Be clear-eyed about the limits.

It does not make the model accurate. Trust Layer filters safety and privacy. It does not verify that a response is factually correct. Hallucinations pass through just fine.

It does not replace access control design. If you exposed a sensitive field in the UI, the Trust Layer will still serve it in prompts. Fix the permission model first.

It does not catch every prompt injection. Determined attackers find ways through. Don’t rely on Trust Layer as your only defense against user-crafted prompts.

It does not cover third-party AI. If you’re calling a non-Salesforce AI service through a named credential, none of this applies. You’re on your own.

Compliance Questions Auditors Ask

When your legal or compliance team reviews an Agentforce deployment, expect these questions. Be ready.

“Where does our data go?” — Trust Layer sends prompts to the hosted model through Salesforce’s infrastructure. Models are specified per region; EU orgs use EU-hosted endpoints.
“Is data used for training?” — No. Zero retention is contractual.
“Can we delete an audit log?” — Not individual logs, but you can adjust retention. Selective deletion requires a support case.
“Can we bring our own model?” — Limited options via BYOLLM for specific regulated scenarios; not a general offering.
“Is it FedRAMP-compliant?” — Agentforce has specific FedRAMP-authorized SKUs; standard SKUs are not FedRAMP.

Frequently Asked Questions

Can I disable the Trust Layer?

No — and you shouldn’t want to. Even if you could, every Salesforce AI feature assumes it’s running.

Does masking work on files and attachments?

Masking runs on text extracted from files used as grounding. Binary content — images, audio — has separate handling and a limited scope today.

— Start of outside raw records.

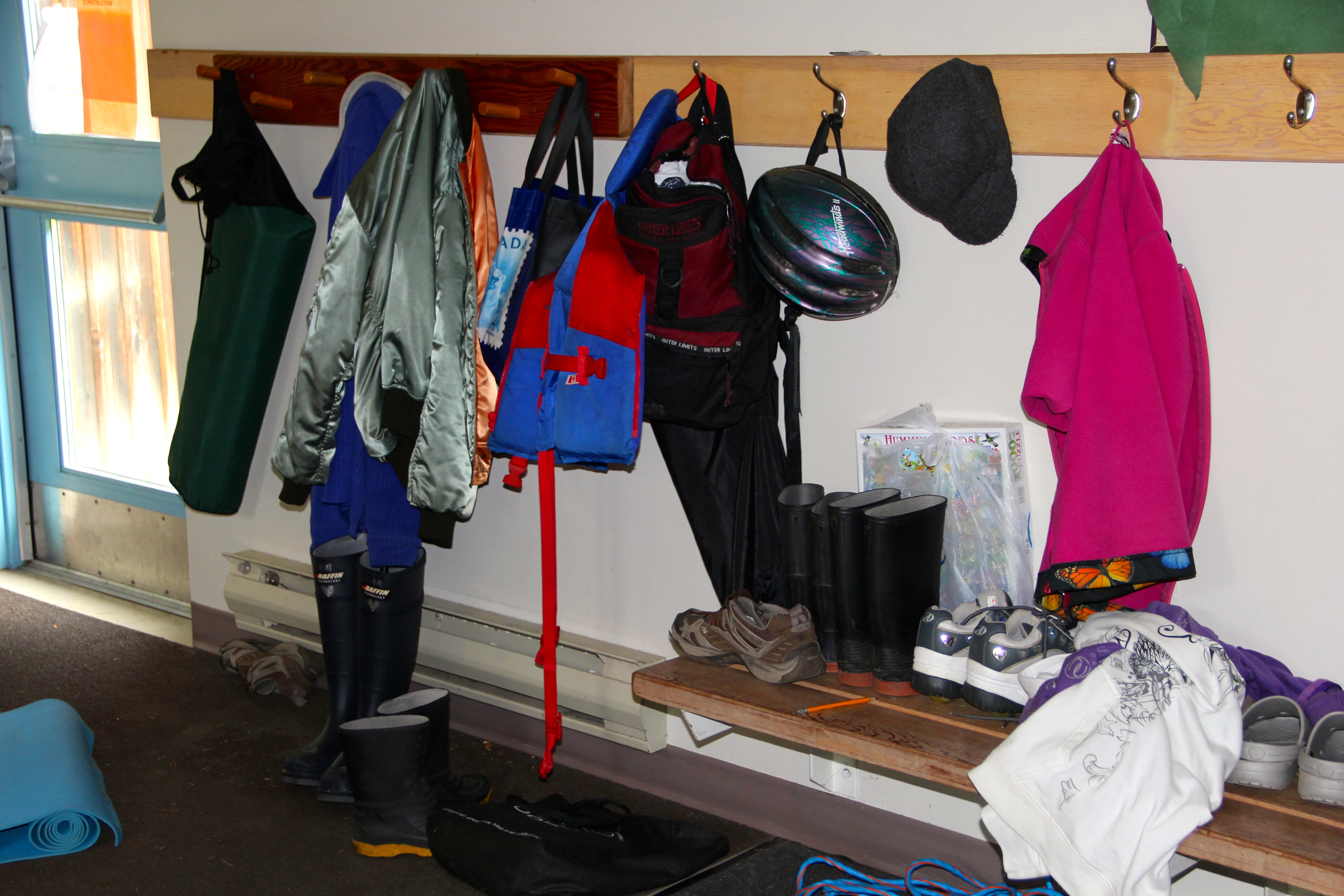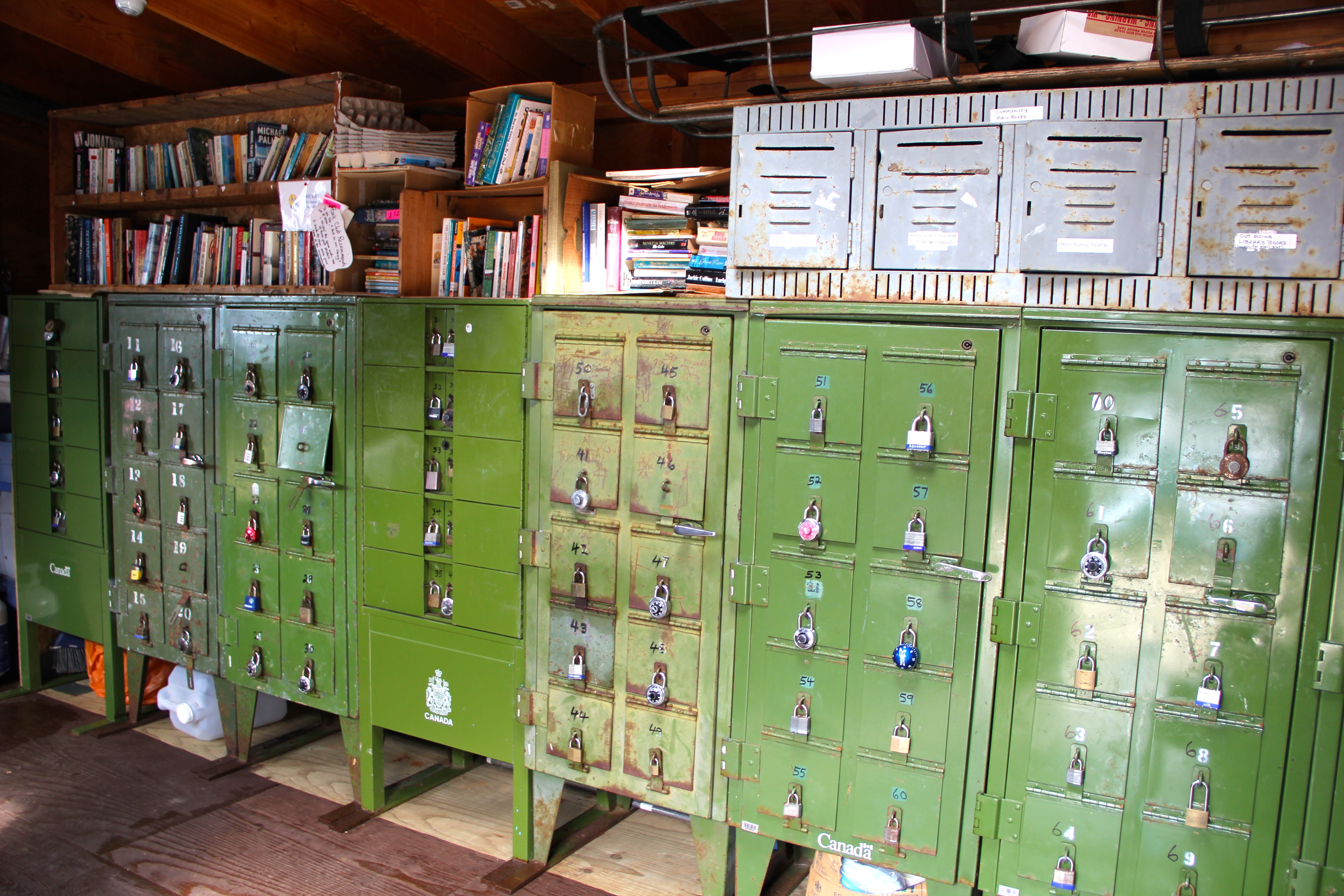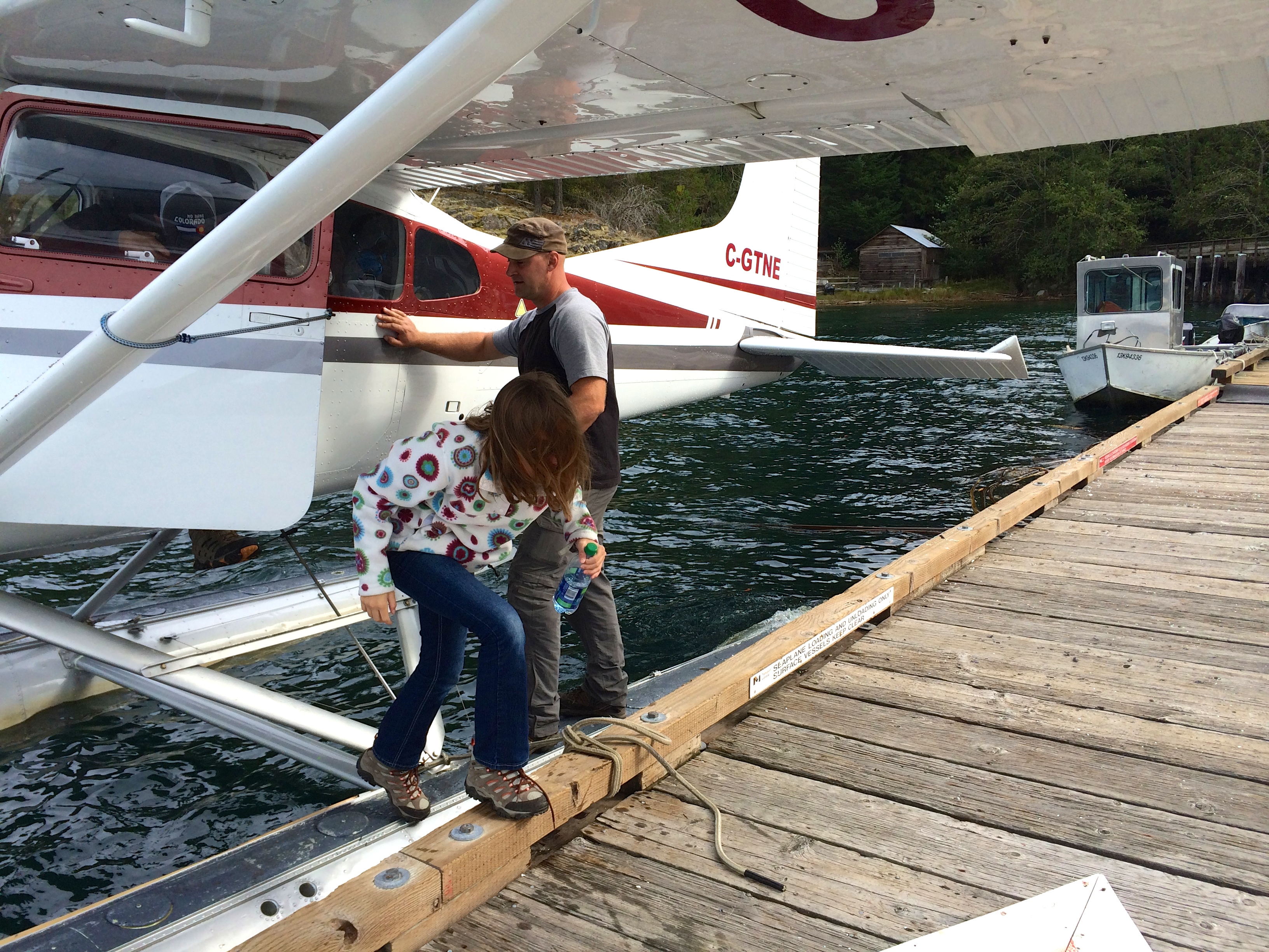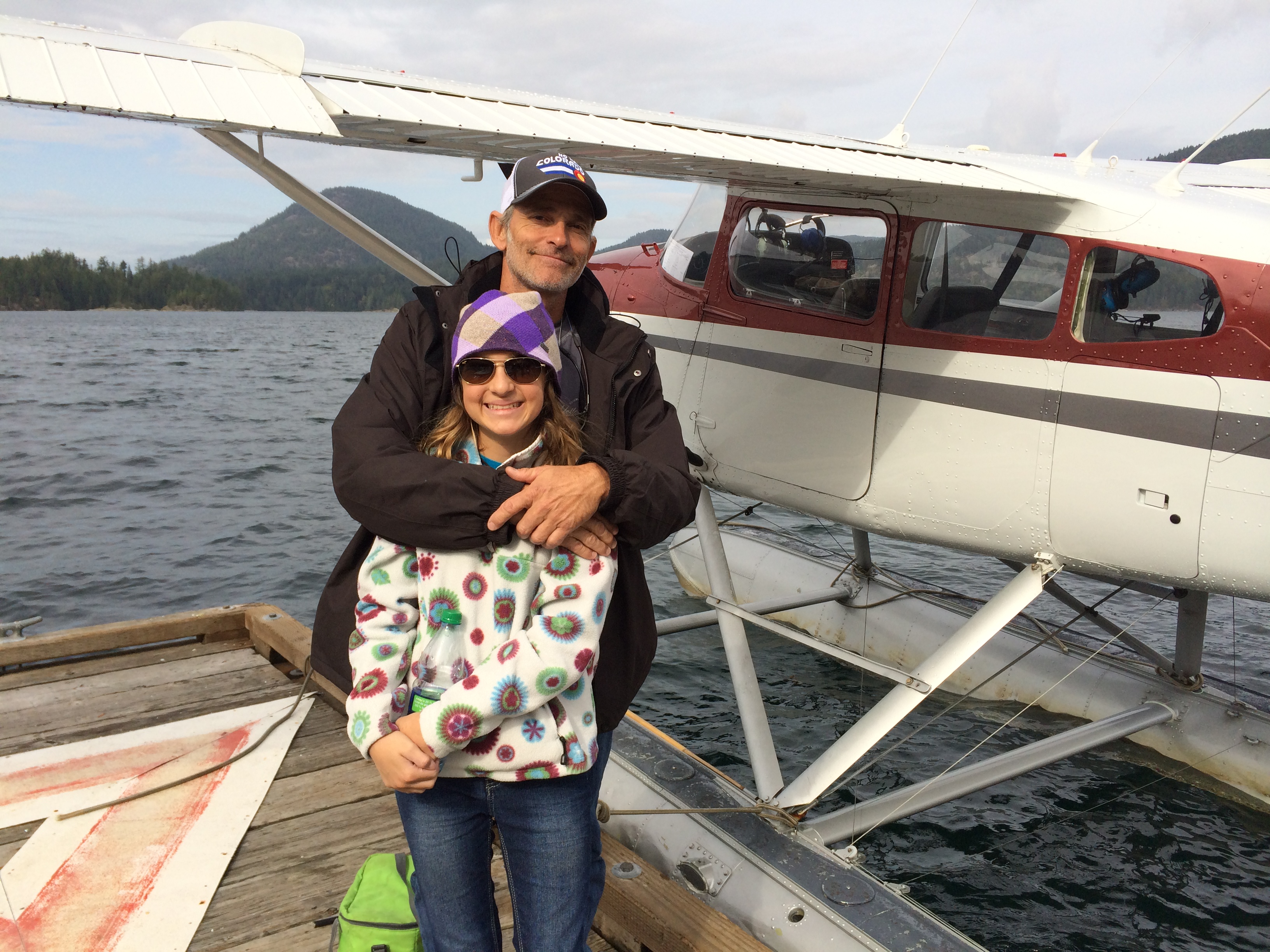 The mail flight, a Cessna 185 modified with floats, made 3 water takeoffs and landings. Absolutely spectacular, just the thrill of flight, landing and taking off in the water and docking a plane was almost sensory overload for this girl! The smell of aviation gas, Savannah’s smile, and Jim’s white knuckling were also some serious entertainment! We flew over seals basking on rocks, the maze of kelp, fishing boats, gunk holing boats and gorgeous clear water with little islands dotted like freckles on a smile child’s cheeks. One of the stops was pulling up to the only floating post office in Canada (photo below with the green po boxes) at Surge Narrows on Read Island. A remote island to say the least. The inhabitants survive off the land, with propane, generators and river turbines for power. The Pilot was kind enough to let us walk up the hill to visit the one room classroom that happened to be in session. The 12 kids only attend school 3 days a week. He said to just let ourselves in. Wasn’t sure if the teacher was going to come out with her rifle and scoot us on our way or what. The door did have a sign that read, “please leave your dog on the leash while in the classroom”… The “one room school room” was actually pretty nice. We entered into the “mud room” where all the kids shoes and packs were removed and hanging. Loved seeing the life vest hanging on the wall, as apparently one child travels a good bit by boat. Her mother drives her to school 3 days a week in all sorts of weather and water conditions year round. Her husband travels 5 weeks at a time leaving this Mum and kid to fend for themselves in the back country. In my book this woman is a stud. The gymnasium was to our left and enclosed with huge log beams and had a gorgeous wood, full length basketball court. To our right were several large rooms and the sounds of kid’s voices. Three teachers were present and beyond friendly, they promptly stowed the rifles and gave us a look around with open arms. The kids sort of just stared at Savannah and Savannah just sort of stared back, very interesting exchange. The school was being powered up by propane generators. You could hear them purring on the walk up to the schoolroom. The 12 kids ranged in age and were currently working on some crafting. What a life these families must lead. By the end of our visit, 2 of the girls that were Savannah’s age apparently did not want us to leave, they were so intrigued by our presence. I didn’t want to leave either! But the pilot was on a schedule, so we had to get on our way, but not with out taking off with our post cards for my Mom and Jim’s parents as part of the mail delivery! J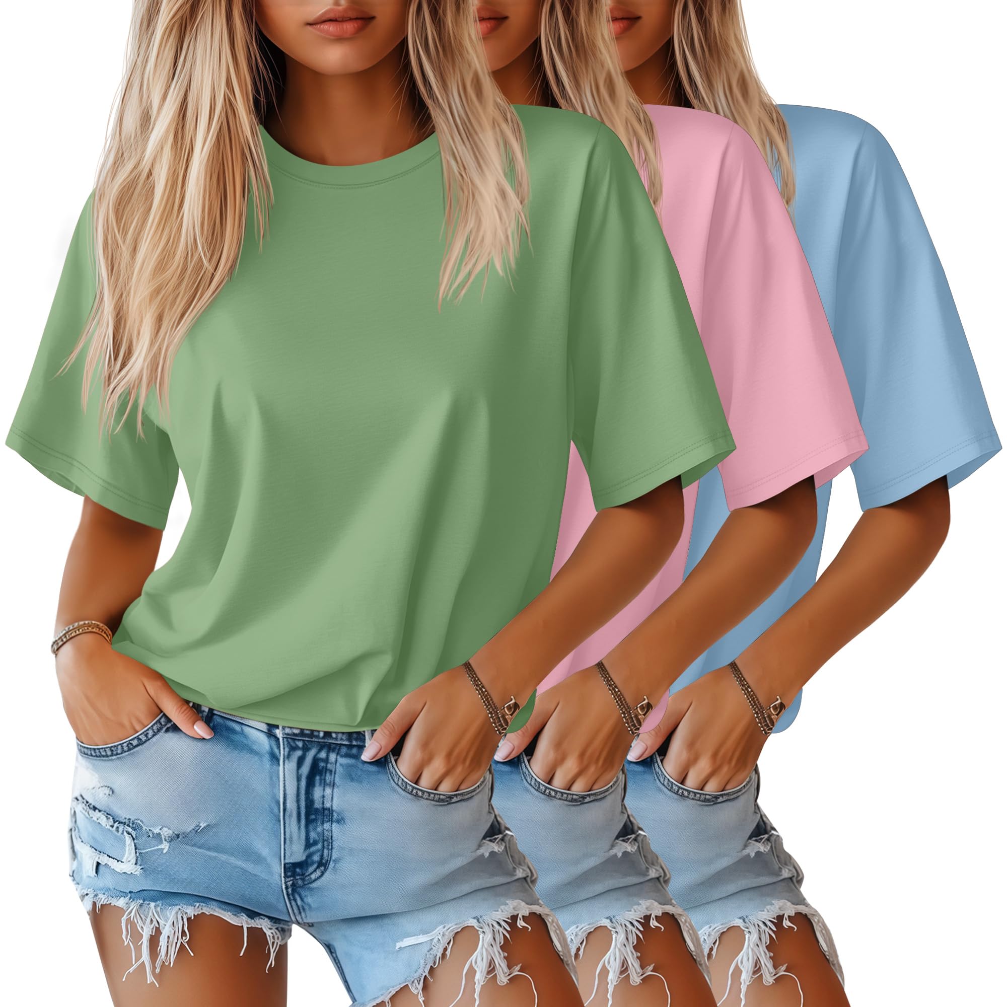 Huukeay 3 Pack Women's Half Sleeve T-Shirts, Crew Neck Elbow Length Tops Loose Casual Basic Tees Summer Tunic Tops|Clothing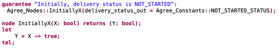 To state aspect (3) formally, we add the following guarantee stating that the delivery status is equal to NOT_STARTED initially, as it is safe to assume that the system starts in a proper initial state. We achieve this by using an auxiliary AGREE operator InitiallyX whose definition is shown in Figure 10.

What happens when a prompt is blocked?

The user sees a generic “I can’t help with that request” message. The raw block reason is logged in the audit trail for you to review.

How do I know if masking is leaking?

Review a sample of prompts in the audit log and grep for patterns that should have been masked. Add rules for anything that slipped through. Treat this as a recurring task, not a one-time setup.